ASSIGNMENT: For this task, output exactly the lines of the material below starting at the line with "현수막도 눈에 띄었다." and ending at the line with "今回の調査(東証プライム上位"; pictures are to be excluded.

DATASET RECORDS:
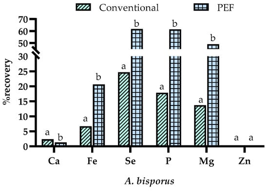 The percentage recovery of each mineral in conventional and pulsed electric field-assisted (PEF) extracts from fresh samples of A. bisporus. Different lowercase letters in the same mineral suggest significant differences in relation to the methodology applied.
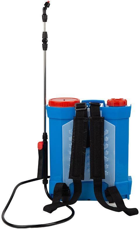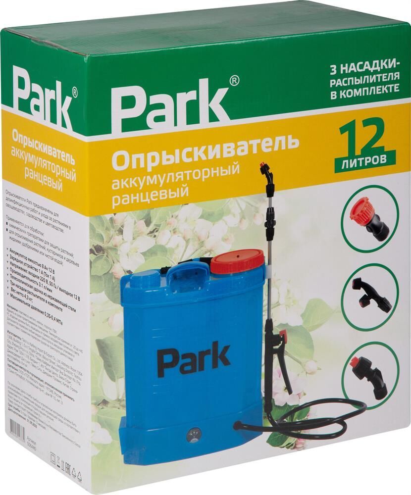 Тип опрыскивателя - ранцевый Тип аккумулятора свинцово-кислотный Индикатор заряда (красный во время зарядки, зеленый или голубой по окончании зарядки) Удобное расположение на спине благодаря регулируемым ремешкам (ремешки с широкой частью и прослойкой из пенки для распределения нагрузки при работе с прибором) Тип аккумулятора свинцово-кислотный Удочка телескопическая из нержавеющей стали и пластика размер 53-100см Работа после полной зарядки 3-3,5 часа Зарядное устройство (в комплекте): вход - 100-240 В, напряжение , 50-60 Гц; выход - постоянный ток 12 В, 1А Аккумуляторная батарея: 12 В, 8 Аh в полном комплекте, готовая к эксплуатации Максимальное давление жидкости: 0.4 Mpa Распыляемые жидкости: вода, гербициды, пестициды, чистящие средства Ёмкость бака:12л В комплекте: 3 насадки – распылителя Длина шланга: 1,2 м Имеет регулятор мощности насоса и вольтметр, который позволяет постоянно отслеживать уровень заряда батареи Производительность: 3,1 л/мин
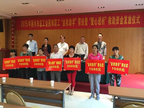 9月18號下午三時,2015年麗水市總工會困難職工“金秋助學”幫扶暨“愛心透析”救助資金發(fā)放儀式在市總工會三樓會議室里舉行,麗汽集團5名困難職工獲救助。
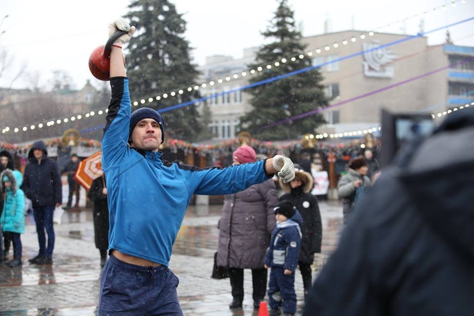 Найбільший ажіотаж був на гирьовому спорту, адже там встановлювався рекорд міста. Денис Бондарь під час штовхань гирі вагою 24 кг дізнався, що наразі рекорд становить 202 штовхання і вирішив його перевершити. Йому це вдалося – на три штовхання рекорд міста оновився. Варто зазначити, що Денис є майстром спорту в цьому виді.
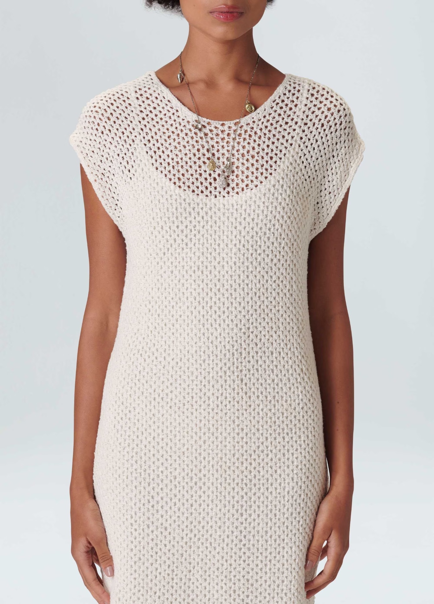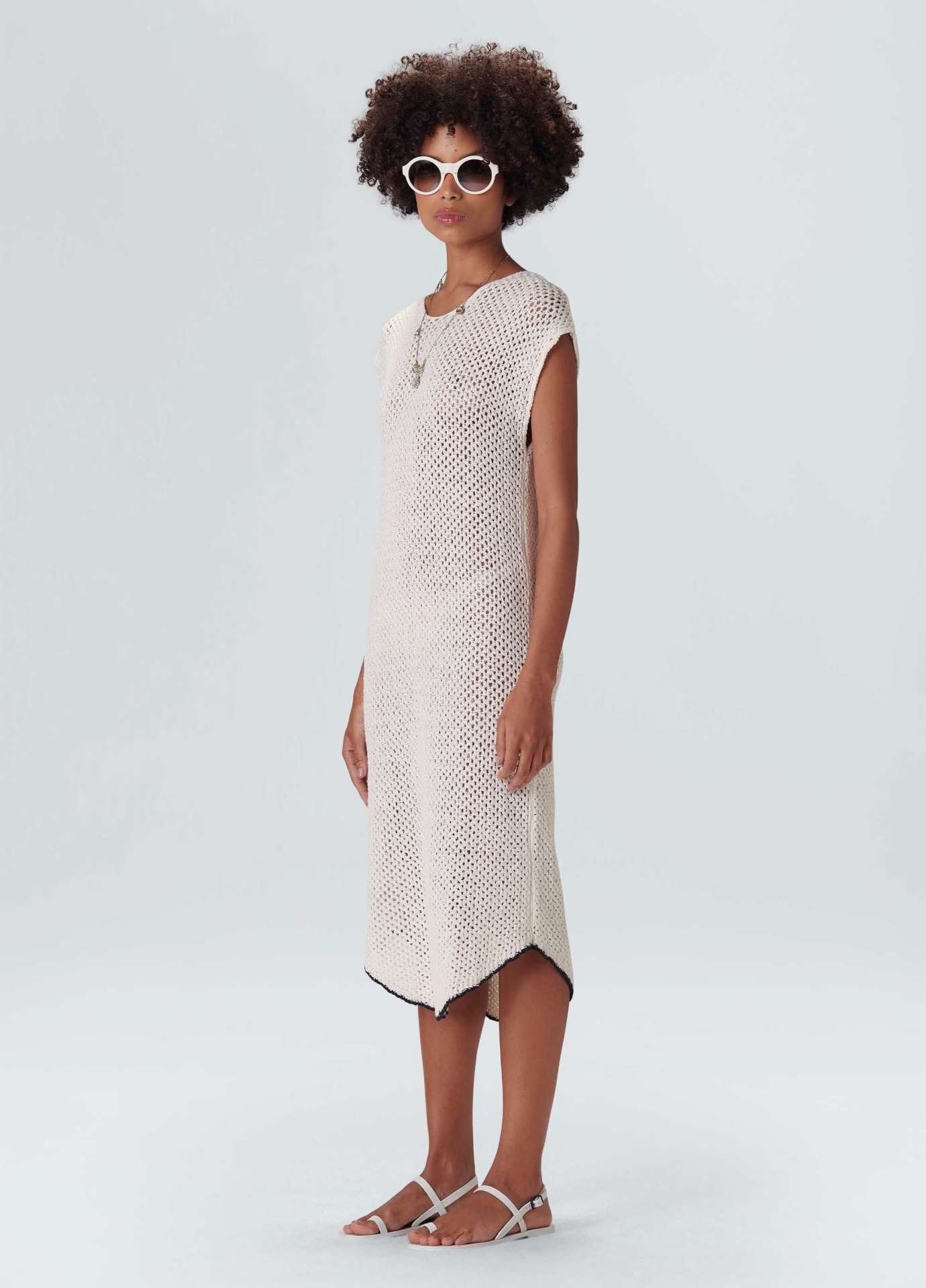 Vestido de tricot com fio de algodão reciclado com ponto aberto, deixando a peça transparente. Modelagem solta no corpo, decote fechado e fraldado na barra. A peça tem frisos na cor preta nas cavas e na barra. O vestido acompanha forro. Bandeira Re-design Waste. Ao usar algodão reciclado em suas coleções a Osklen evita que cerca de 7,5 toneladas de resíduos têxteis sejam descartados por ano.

* * *

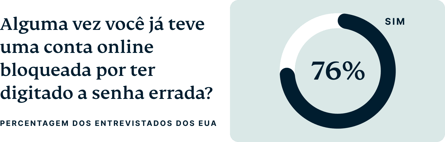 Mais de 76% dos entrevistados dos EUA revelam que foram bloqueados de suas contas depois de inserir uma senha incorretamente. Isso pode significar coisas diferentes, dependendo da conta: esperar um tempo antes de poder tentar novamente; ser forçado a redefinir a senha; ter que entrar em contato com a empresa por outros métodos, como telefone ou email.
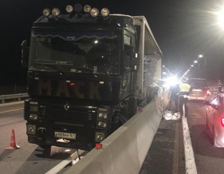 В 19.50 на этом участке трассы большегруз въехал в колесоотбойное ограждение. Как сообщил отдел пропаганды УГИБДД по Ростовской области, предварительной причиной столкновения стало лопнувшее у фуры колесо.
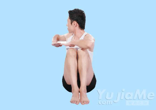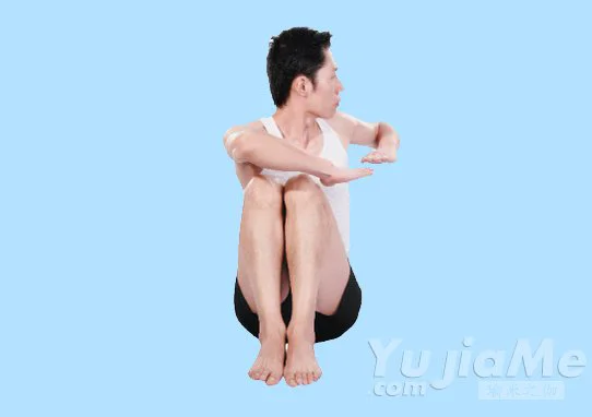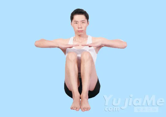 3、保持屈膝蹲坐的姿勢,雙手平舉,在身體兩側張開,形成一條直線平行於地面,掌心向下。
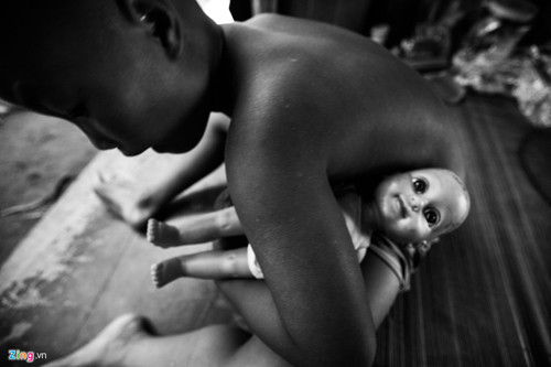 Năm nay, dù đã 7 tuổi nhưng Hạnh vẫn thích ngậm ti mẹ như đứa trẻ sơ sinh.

---

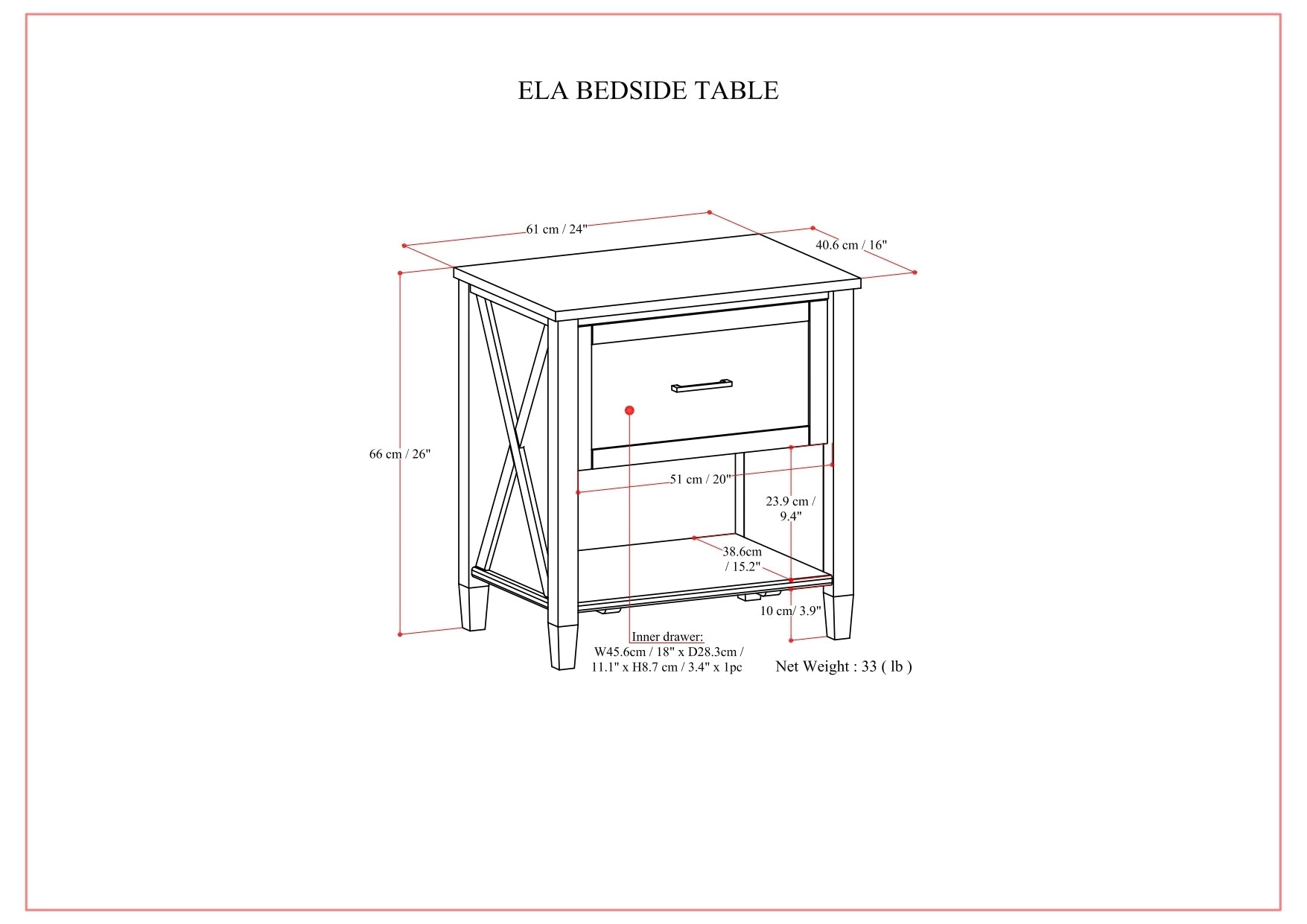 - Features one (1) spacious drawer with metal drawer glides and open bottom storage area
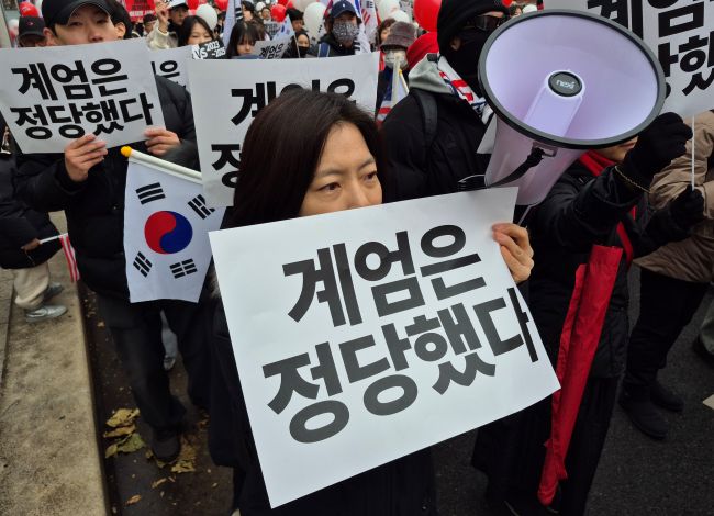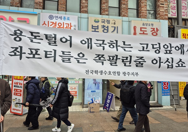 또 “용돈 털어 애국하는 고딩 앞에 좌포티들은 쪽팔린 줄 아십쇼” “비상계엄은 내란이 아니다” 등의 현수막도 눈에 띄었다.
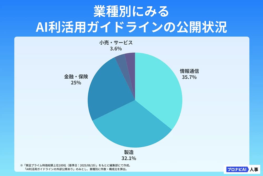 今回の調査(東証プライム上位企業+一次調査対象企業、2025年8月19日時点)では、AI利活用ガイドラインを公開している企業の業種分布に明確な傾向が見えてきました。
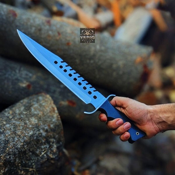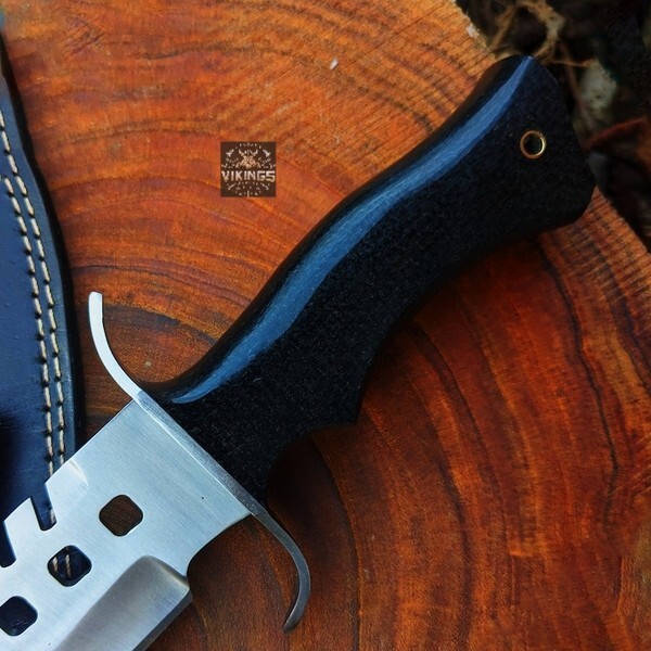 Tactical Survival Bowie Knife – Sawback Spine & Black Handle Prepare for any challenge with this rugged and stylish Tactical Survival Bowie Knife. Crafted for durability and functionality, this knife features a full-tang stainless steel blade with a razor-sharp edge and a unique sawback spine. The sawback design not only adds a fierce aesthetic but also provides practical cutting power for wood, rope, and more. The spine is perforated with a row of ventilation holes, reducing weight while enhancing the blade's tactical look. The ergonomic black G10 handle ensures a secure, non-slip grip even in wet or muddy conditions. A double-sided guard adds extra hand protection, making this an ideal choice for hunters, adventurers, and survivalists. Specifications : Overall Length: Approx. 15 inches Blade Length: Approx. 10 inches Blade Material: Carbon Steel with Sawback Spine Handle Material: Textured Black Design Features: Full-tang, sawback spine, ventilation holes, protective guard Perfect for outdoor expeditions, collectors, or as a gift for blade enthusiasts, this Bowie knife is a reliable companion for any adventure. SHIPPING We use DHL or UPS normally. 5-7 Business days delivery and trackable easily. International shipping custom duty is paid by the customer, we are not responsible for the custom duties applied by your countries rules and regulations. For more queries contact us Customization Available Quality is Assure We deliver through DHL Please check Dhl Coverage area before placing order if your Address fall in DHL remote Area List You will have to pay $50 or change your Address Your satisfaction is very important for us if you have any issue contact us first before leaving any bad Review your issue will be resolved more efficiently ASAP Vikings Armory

SOLUTION TO THIS EXERCISE:
 또 “용돈 털어 애국하는 고딩 앞에 좌포티들은 쪽팔린 줄 아십쇼” “비상계엄은 내란이 아니다” 등의 현수막도 눈에 띄었다.
 今回の調査(東証プライム上位企業+一次調査対象企業、2025年8月19日時点)では、AI利活用ガイドラインを公開している企業の業種分布に明確な傾向が見えてきました。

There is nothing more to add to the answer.